Input records =
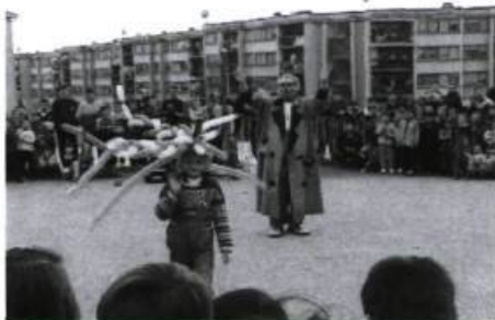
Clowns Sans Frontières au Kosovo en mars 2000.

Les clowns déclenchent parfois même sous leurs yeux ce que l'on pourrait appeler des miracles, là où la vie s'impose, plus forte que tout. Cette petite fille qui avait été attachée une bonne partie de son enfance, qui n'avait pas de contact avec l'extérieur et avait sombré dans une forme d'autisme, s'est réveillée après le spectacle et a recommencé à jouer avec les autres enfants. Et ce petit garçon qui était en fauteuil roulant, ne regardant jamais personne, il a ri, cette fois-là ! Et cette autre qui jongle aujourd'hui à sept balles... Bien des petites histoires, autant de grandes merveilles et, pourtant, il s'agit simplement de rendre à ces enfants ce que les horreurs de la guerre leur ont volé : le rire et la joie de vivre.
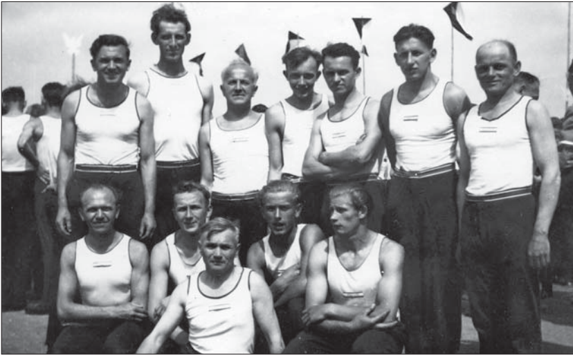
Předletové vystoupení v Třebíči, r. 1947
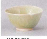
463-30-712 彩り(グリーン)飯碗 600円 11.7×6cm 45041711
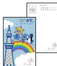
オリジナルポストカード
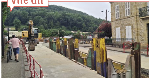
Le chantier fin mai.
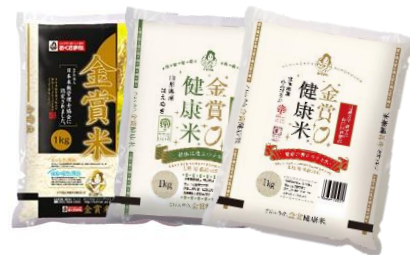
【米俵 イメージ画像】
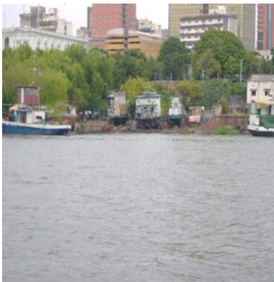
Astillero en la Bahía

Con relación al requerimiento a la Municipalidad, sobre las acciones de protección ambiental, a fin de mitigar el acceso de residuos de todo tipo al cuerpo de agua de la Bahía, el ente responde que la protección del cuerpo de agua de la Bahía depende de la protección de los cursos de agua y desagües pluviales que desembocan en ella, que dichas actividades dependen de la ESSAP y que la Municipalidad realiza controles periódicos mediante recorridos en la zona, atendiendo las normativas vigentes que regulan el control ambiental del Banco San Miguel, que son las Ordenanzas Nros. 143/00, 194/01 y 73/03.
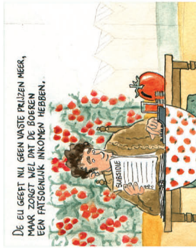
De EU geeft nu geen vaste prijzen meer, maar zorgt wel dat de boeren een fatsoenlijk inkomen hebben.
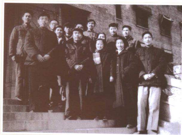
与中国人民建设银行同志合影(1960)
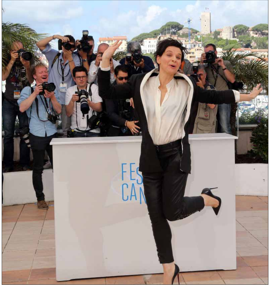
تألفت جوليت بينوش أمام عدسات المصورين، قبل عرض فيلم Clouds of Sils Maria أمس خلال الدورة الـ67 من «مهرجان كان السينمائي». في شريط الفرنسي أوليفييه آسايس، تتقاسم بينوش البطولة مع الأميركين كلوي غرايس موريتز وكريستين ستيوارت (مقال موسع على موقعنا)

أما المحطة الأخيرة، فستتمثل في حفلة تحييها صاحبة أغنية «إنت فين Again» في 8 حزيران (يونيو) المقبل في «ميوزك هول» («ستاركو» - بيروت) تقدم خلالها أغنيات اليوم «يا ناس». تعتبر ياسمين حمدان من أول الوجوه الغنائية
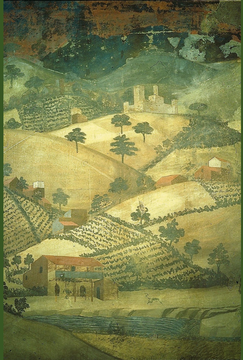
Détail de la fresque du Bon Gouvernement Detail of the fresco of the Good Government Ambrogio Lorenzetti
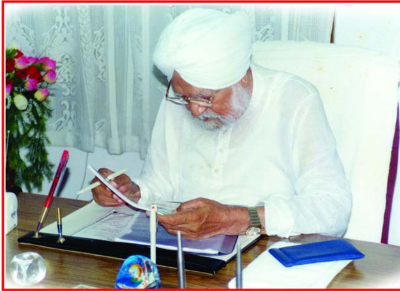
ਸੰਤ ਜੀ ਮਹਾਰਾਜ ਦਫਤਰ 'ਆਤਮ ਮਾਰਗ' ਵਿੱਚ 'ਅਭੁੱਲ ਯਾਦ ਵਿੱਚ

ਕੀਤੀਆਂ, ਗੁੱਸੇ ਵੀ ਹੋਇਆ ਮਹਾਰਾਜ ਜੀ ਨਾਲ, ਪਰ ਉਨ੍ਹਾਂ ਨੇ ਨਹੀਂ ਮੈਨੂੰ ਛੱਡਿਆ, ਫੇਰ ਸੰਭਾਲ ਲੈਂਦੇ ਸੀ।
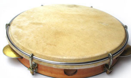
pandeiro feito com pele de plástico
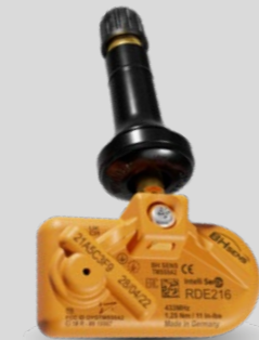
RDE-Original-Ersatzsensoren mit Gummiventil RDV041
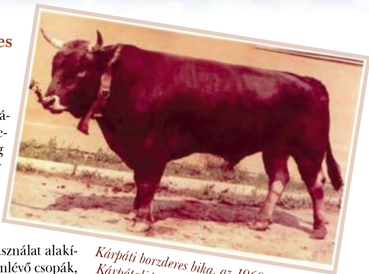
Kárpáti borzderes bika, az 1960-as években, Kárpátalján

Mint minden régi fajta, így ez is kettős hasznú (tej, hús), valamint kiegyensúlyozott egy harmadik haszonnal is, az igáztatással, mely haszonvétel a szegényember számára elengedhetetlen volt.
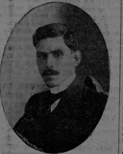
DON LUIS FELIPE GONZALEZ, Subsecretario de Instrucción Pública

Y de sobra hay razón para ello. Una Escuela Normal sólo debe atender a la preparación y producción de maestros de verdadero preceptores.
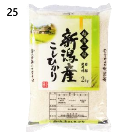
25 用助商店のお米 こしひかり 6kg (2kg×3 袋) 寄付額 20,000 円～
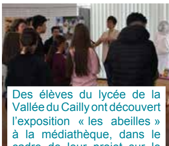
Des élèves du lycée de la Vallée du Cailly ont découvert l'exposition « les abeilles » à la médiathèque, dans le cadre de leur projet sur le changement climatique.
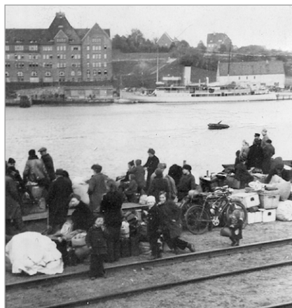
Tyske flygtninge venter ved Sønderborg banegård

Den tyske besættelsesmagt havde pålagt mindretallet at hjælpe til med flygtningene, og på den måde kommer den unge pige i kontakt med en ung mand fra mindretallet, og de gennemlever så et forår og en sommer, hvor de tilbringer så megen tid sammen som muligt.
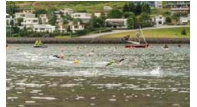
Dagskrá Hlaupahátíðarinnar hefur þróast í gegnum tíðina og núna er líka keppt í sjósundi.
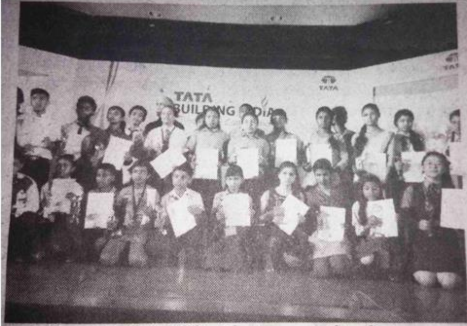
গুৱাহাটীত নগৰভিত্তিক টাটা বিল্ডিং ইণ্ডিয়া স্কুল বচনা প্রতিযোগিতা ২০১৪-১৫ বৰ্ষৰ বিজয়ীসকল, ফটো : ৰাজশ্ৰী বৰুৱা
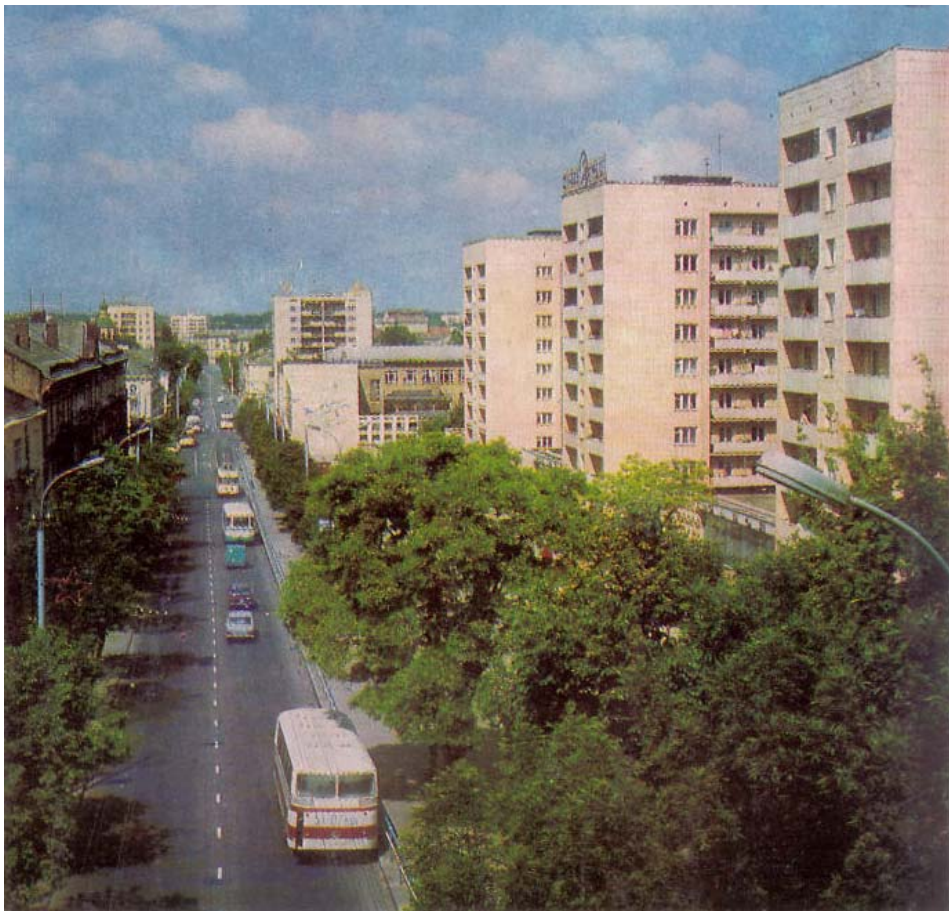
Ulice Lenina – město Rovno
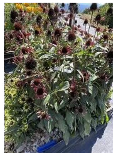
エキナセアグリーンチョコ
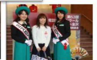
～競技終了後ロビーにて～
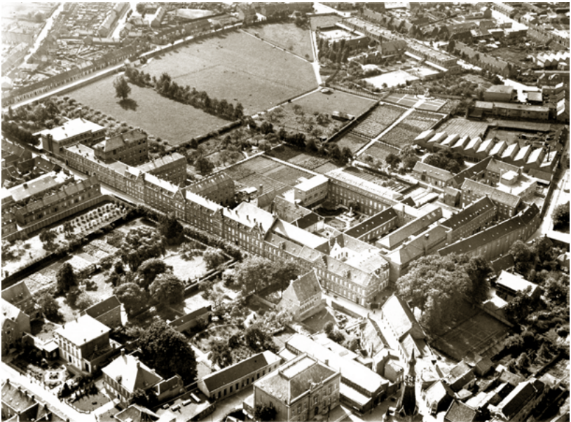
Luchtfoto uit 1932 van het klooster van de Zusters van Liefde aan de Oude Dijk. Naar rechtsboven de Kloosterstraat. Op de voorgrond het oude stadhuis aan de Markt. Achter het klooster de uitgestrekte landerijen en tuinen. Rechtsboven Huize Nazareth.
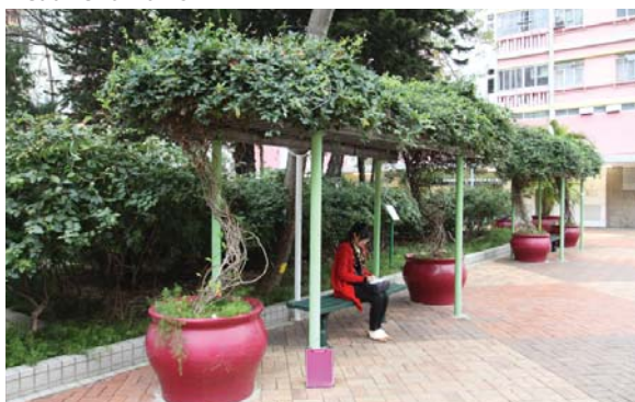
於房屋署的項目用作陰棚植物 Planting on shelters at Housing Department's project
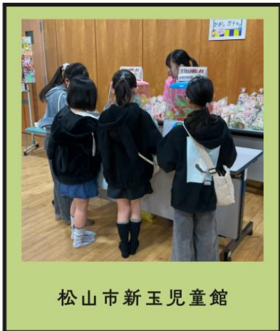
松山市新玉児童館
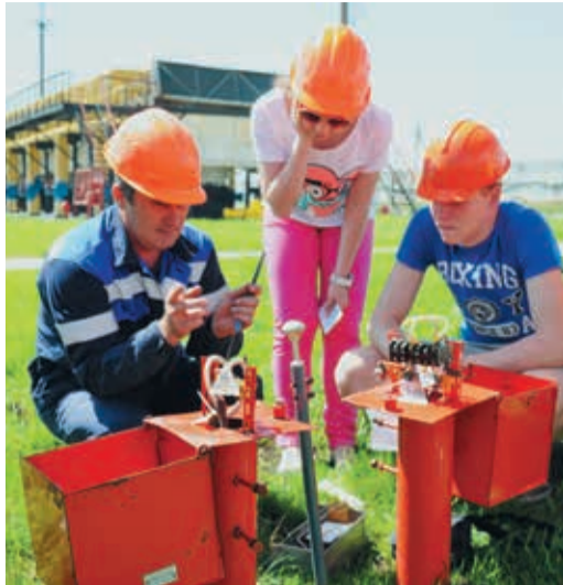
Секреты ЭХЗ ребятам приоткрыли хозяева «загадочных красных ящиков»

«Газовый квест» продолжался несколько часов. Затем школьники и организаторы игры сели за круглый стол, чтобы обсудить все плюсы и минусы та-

Your objective =
The answer must be the whole listing, word for word, with no pictures in it. Please write it out.

Completed exercise =
Clowns Sans Frontières au Kosovo en mars 2000.

Les clowns déclenchent parfois même sous leurs yeux ce que l'on pourrait appeler des miracles, là où la vie s'impose, plus forte que tout. Cette petite fille qui avait été attachée une bonne partie de son enfance, qui n'avait pas de contact avec l'extérieur et avait sombré dans une forme d'autisme, s'est réveillée après le spectacle et a recommencé à jouer avec les autres enfants. Et ce petit garçon qui était en fauteuil roulant, ne regardant jamais personne, il a ri, cette fois-là ! Et cette autre qui jongle aujourd'hui à sept balles... Bien des petites histoires, autant de grandes merveilles et, pourtant, il s'agit simplement de rendre à ces enfants ce que les horreurs de la guerre leur ont volé : le rire et la joie de vivre.
Předletové vystoupení v Třebíči, r. 1947
463-30-712 彩り(グリーン)飯碗 600円 11.7×6cm 45041711
オリジナルポストカード
Le chantier fin mai.
【米俵 イメージ画像】
Astillero en la Bahía

Con relación al requerimiento a la Municipalidad, sobre las acciones de protección ambiental, a fin de mitigar el acceso de residuos de todo tipo al cuerpo de agua de la Bahía, el ente responde que la protección del cuerpo de agua de la Bahía depende de la protección de los cursos de agua y desagües pluviales que desembocan en ella, que dichas actividades dependen de la ESSAP y que la Municipalidad realiza controles periódicos mediante recorridos en la zona, atendiendo las normativas vigentes que regulan el control ambiental del Banco San Miguel, que son las Ordenanzas Nros. 143/00, 194/01 y 73/03.
De EU geeft nu geen vaste prijzen meer, maar zorgt wel dat de boeren een fatsoenlijk inkomen hebben.
与中国人民建设银行同志合影(1960)
تألفت جوليت بينوش أمام عدسات المصورين، قبل عرض فيلم Clouds of Sils Maria أمس خلال الدورة الـ67 من «مهرجان كان السينمائي». في شريط الفرنسي أوليفييه آسايس، تتقاسم بينوش البطولة مع الأميركين كلوي غرايس موريتز وكريستين ستيوارت (مقال موسع على موقعنا)

أما المحطة الأخيرة، فستتمثل في حفلة تحييها صاحبة أغنية «إنت فين Again» في 8 حزيران (يونيو) المقبل في «ميوزك هول» («ستاركو» - بيروت) تقدم خلالها أغنيات اليوم «يا ناس». تعتبر ياسمين حمدان من أول الوجوه الغنائية
Détail de la fresque du Bon Gouvernement Detail of the fresco of the Good Government Ambrogio Lorenzetti
ਸੰਤ ਜੀ ਮਹਾਰਾਜ ਦਫਤਰ 'ਆਤਮ ਮਾਰਗ' ਵਿੱਚ 'ਅਭੁੱਲ ਯਾਦ ਵਿੱਚ

ਕੀਤੀਆਂ, ਗੁੱਸੇ ਵੀ ਹੋਇਆ ਮਹਾਰਾਜ ਜੀ ਨਾਲ, ਪਰ ਉਨ੍ਹਾਂ ਨੇ ਨਹੀਂ ਮੈਨੂੰ ਛੱਡਿਆ, ਫੇਰ ਸੰਭਾਲ ਲੈਂਦੇ ਸੀ।
pandeiro feito com pele de plástico
RDE-Original-Ersatzsensoren mit Gummiventil RDV041
Kárpáti borzderes bika, az 1960-as években, Kárpátalján

Mint minden régi fajta, így ez is kettős hasznú (tej, hús), valamint kiegyensúlyozott egy harmadik haszonnal is, az igáztatással, mely haszonvétel a szegényember számára elengedhetetlen volt.
DON LUIS FELIPE GONZALEZ, Subsecretario de Instrucción Pública

Y de sobra hay razón para ello. Una Escuela Normal sólo debe atender a la preparación y producción de maestros de verdadero preceptores.
25 用助商店のお米 こしひかり 6kg (2kg×3 袋) 寄付額 20,000 円～
Des élèves du lycée de la Vallée du Cailly ont découvert l'exposition « les abeilles » à la médiathèque, dans le cadre de leur projet sur le changement climatique.
Tyske flygtninge venter ved Sønderborg banegård

Den tyske besættelsesmagt havde pålagt mindretallet at hjælpe til med flygtningene, og på den måde kommer den unge pige i kontakt med en ung mand fra mindretallet, og de gennemlever så et forår og en sommer, hvor de tilbringer så megen tid sammen som muligt.
Dagskrá Hlaupahátíðarinnar hefur þróast í gegnum tíðina og núna er líka keppt í sjósundi.
গুৱাহাটীত নগৰভিত্তিক টাটা বিল্ডিং ইণ্ডিয়া স্কুল বচনা প্রতিযোগিতা ২০১৪-১৫ বৰ্ষৰ বিজয়ীসকল, ফটো : ৰাজশ্ৰী বৰুৱা
Ulice Lenina – město Rovno
エキナセアグリーンチョコ
～競技終了後ロビーにて～
Luchtfoto uit 1932 van het klooster van de Zusters van Liefde aan de Oude Dijk. Naar rechtsboven de Kloosterstraat. Op de voorgrond het oude stadhuis aan de Markt. Achter het klooster de uitgestrekte landerijen en tuinen. Rechtsboven Huize Nazareth.
於房屋署的項目用作陰棚植物 Planting on shelters at Housing Department's project
松山市新玉児童館
Секреты ЭХЗ ребятам приоткрыли хозяева «загадочных красных ящиков»

«Газовый квест» продолжался несколько часов. Затем школьники и организаторы игры сели за круглый стол, чтобы обсудить все плюсы и минусы та-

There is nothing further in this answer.